- Developer: Matthew Trimby
- Publisher: Atari Corporation
- Platform: Atari 8-bit
- Release: 1986
- Genre: Platform
- Mode: Single-player

= Twilight World (video game) =

1986 video game

Twilight World is a 1986 platform video game developed and programmed by Matthew Trimby and published by Atari Corporation for the Atari 8-bit computers. Players guide a lone hero through eleven dungeons, collecting gems, avoiding traps, and battling creatures to reach each level's exit.

==Gameplay==

The player stands on the edge of a disappearing bridge above a pit of flames, approaching a collectible gem.

In Twilight World, players navigate a side-scrolling series of eleven dungeon levels, each packed with traps, monsters, and collectible items. The objective is to reach the exit of each dungeon, sometimes requiring specific conditions such as collecting a number of gems. The player controls a lone character equipped with a blaster weapon and the ability to jump, kneel, and duck enemy attacks.

Creatures populate the dungeons at various heights, requiring the player to jump, duck, or shoot strategically. The hero's vitality bar depletes upon contact with enemies or their projectiles, but can be replenished with food scattered throughout the levels. Players gain extra lives by collecting thirty gems, clearing all gems in a dungeon, or completing all eleven dungeons.

Each dungeon presents a different design and logic theme, such as mazes with false exits, excess doors with limited keys, or patterned layouts like "Jagged Edge" and "The Menagerie".

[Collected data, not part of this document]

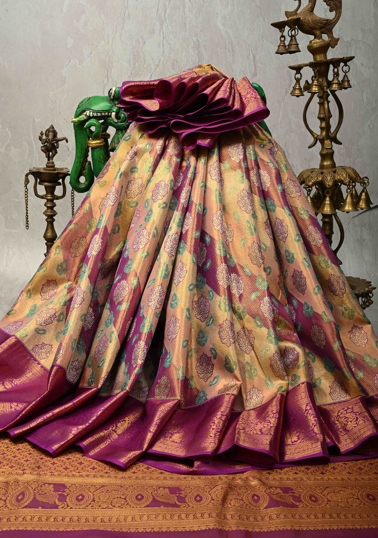 Indulge in the regal charm of this Purple-pink Rangkaat Style Kanjivaram Silk Saree. Expertly handwoven from pure silk, it features a vibrant play of colors enriched with delicate floral buttas. The body is adorned with sophisticated diagonal stripes, creating a fluid sense of motion, while the traditional rich zari border adds a majestic finish. Perfect for weddings and grand festivities, this masterpiece celebrates the timeless heritage of Kanjivaram artistry.
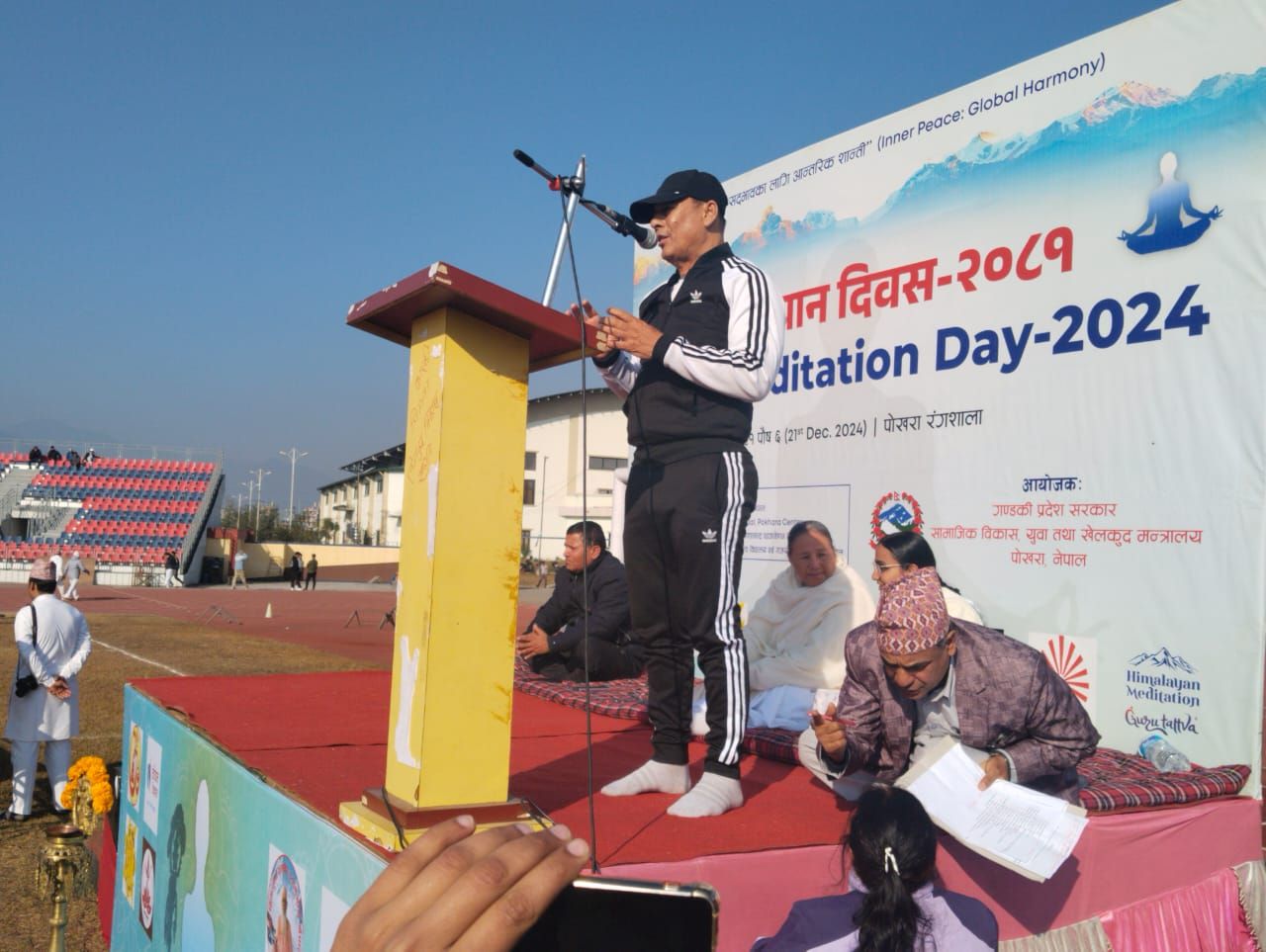 पोखरा ।गण्डकी प्रदेश सरकारका सामाजिक विकास, युवा तथा खेलकुद मन्त्री विन्दु कुमार थापाले समृद्ध र शान्त समाज निर्माणका लागि ध्यान अभ्यासलाई प्रोत्साहन गर्नुपर्ने बताएका छन् । विश्व ध्यान दिवसका अवसरमा शनिबार मन्त्रालयले पोखरा रंगशालामा आयोजना गरेको कार्यक्रमको उद्घाटन गर्दै मन्त्री थापाले ध्यानले व्यक्तिको मानसिक स्वास्थ्य, आत्मविश्वास र समग्र जीवनशैलीमा सकारात्मक प्रभाव पु¥याउने बताए ।
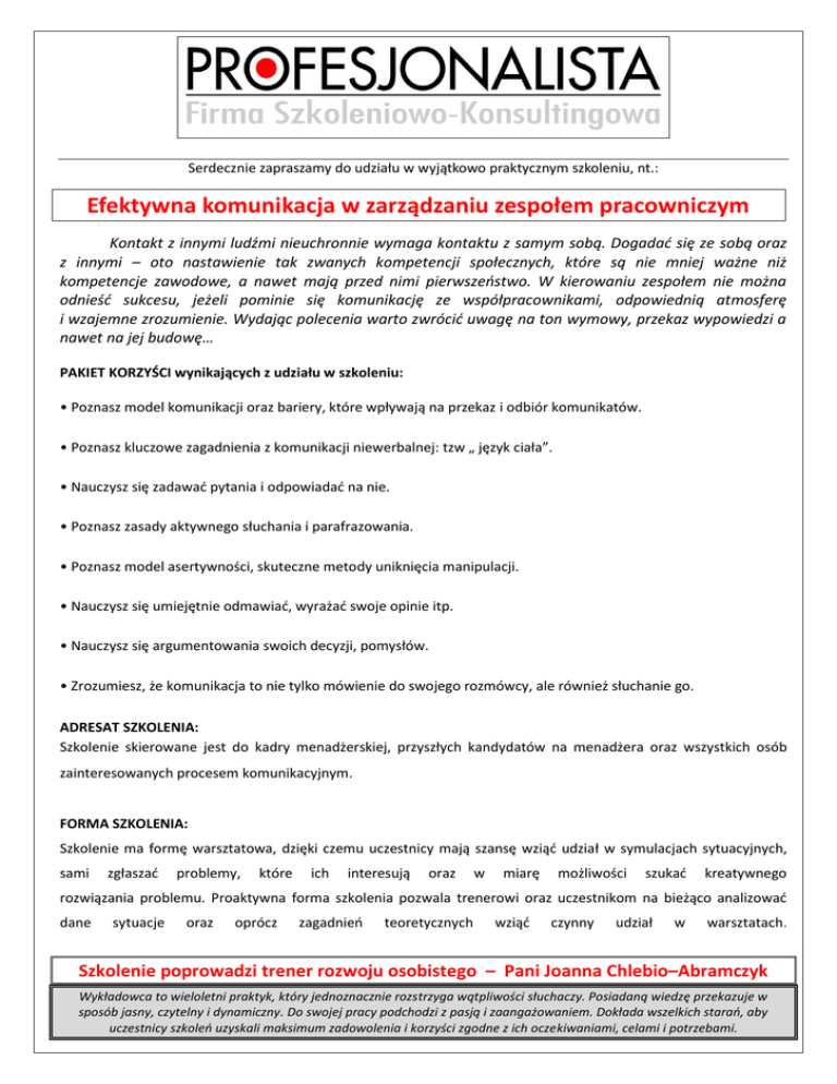 Serdecznie zapraszamy do udziału w wyjątkowo praktycznym szkoleniu, nt.: Efektywna komunikacja w zarządzaniu zespołem pracowniczym Kontakt z innymi ludźmi nieuchronnie wymaga kontaktu z samym sobą. Dogadać się ze sobą oraz z innymi – oto nastawienie tak zwanych kompetencji społecznych, które są nie mniej ważne niż kompetencje zawodowe, a nawet mają przed nimi pierwszeństwo. W kierowaniu zespołem nie można odnieść sukcesu, jeżeli pominie się komunikację ze współpracownikami, odpowiednią atmosferę i wzajemne zrozumienie. Wydając polecenia warto zwrócić uwagę na ton wymowy, przekaz wypowiedzi a nawet na jej budowę… PAKIET KORZYŚCI wynikających z udziału w szkoleniu: • Poznasz model komunikacji oraz bariery, które wpływają na przekaz i odbiór komunikatów. • Poznasz kluczowe zagadnienia z komunikacji niewerbalnej: tzw „ język ciała”. • Nauczysz się zadawać pytania i odpowiadać na nie. • Poznasz zasady aktywnego słuchania i parafrazowania. • Poznasz model asertywności, skuteczne metody uniknięcia manipulacji. • Nauczysz się umiejętnie odmawiać, wyrażać swoje opinie itp. • Nauczysz się argumentowania swoich decyzji, pomysłów. • Zrozumiesz, że komunikacja to nie tylko mówienie do swojego rozmówcy, ale również słuchanie go. ADRESAT SZKOLENIA: Szkolenie skierowane jest do kadry menadżerskiej, przyszłych kandydatów na menadżera oraz wszystkich osób zainteresowanych procesem komunikacyjnym. FORMA SZKOLENIA: Szkolenie ma formę warsztatowa, dzięki czemu uczestnicy mają szansę wziąć udział w symulacjach sytuacyjnych, sami zgłaszać problemy, które ich interesują oraz w miarę możliwości szukać kreatywnego rozwiązania problemu. Proaktywna forma szkolenia pozwala trenerowi oraz uczestnikom na bieżąco analizować dane sytuacje oraz oprócz zagadnień teoretycznych wziąć czynny udział w warsztatach. Szkolenie poprowadzi trener rozwoju osobistego – Pani Joanna Chlebio–Abramczyk Wykładowca to wieloletni praktyk, który jednoznacznie rozstrzyga wątpliwości słuchaczy. Posiadaną wiedzę przekazuje w sposób jasny, czytelny i dynamiczny. Do swojej pracy podchodzi z pasją i zaangażowaniem. Dokłada wszelkich starań, aby uczestnicy szkoleń uzyskali maksimum zadowolenia i korzyści zgodne z ich oczekiwaniami, celami i potrzebami. RAMOWY PLAN SZKOLENIA: 1. Model procesu komunikowania się /omówienie głównych zagadnień/. 2. Fazy komunikacji interpersonalnej. 3. Rodzaje komunikacji: werbalna i niewerbalna. 4. Rozumienie języka ciała. 5. Umiejętność argumentowania i przekonywania innych. 6. Sztuka bycia asertywnym i nie asertywnym. 7. Sztuka słuchania i zadawania pytań. 8. Parafrazowanie. 9. Procesy grupowe. 10. Wpływ grupy na jednostkę. 11. Jak budować zaufanie? Szkolenie odbędzie się w małej kameralnej grupie – umożliwiającej prowadzenie swobodnej dyskusji i wymiany doświadczeń. Czas trwania: 6 godzin. Rozpoczęcie szkolenia: godzina 9:00; zakończenie ok. 15:00. W trakcie spotkania zapraszamy na przerwy kawowe z ciasteczkami i ciepły lunch. Zapewniamy przydatne materiały dydaktyczne! Rezerwacja według kolejności zgłoszeń; ilość miejsc jest ograniczona. Organizator zastrzega sobie możliwość zmiany miejsca szkolenia w obrębie miejscowości.
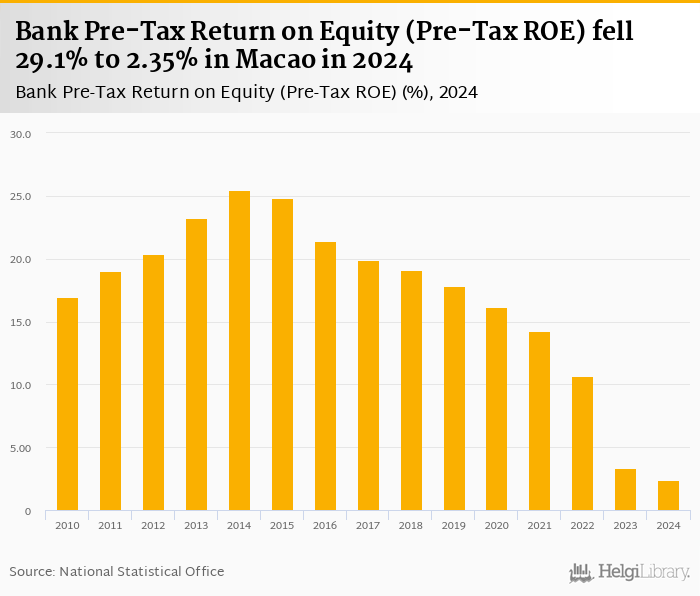 Historically, bank pre-tax ROE in Macao reached an all time high of 25.5% in 2014 and an all time low of 2.35% in 2024.
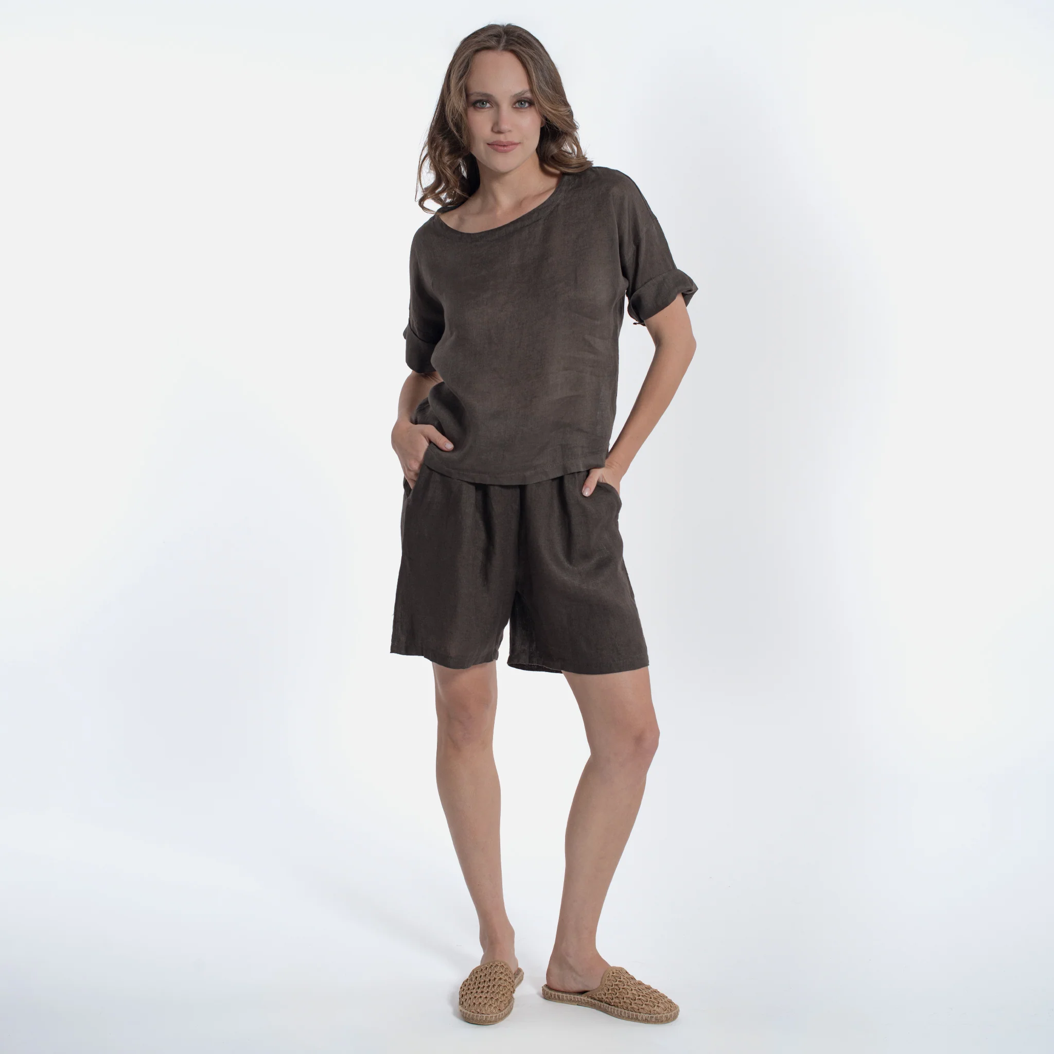 Vita elasticizzata2 tasche laterali Modello morbido Regular fitTessuto leggero Made in Italy 100% lino 3678-MOR

The hero is highly manoeuvrable - the player can jump higher by holding up on the joystick for longer, and can steer left or right while mid-jump. A distinctive mechanic allows the player to activate an alter ego: an invincible form that can fly and destroy enemies on contact for ten seconds once per life. This is triggered with the or button when the player's character is in its blue form.

Twilight World supports two difficulty levels. On higher difficulty, players must collect all gems to unlock exits, increasing both challenge and exploration depth.

==Reception==

In the German magazine Aktueller Software Markt (December 1987), the reviewer praised the game's graphics as "very well done for a ten-mark title" and deeming the game "very playable" overall. Robert Swan in Atari User (February 1988), writing in his review column, called Twilight World "a nice jump-shoot-collect game: A sort of Ollie's Follies in Hell", praising its "very good" graphics (9/10) and solid playability (8/10).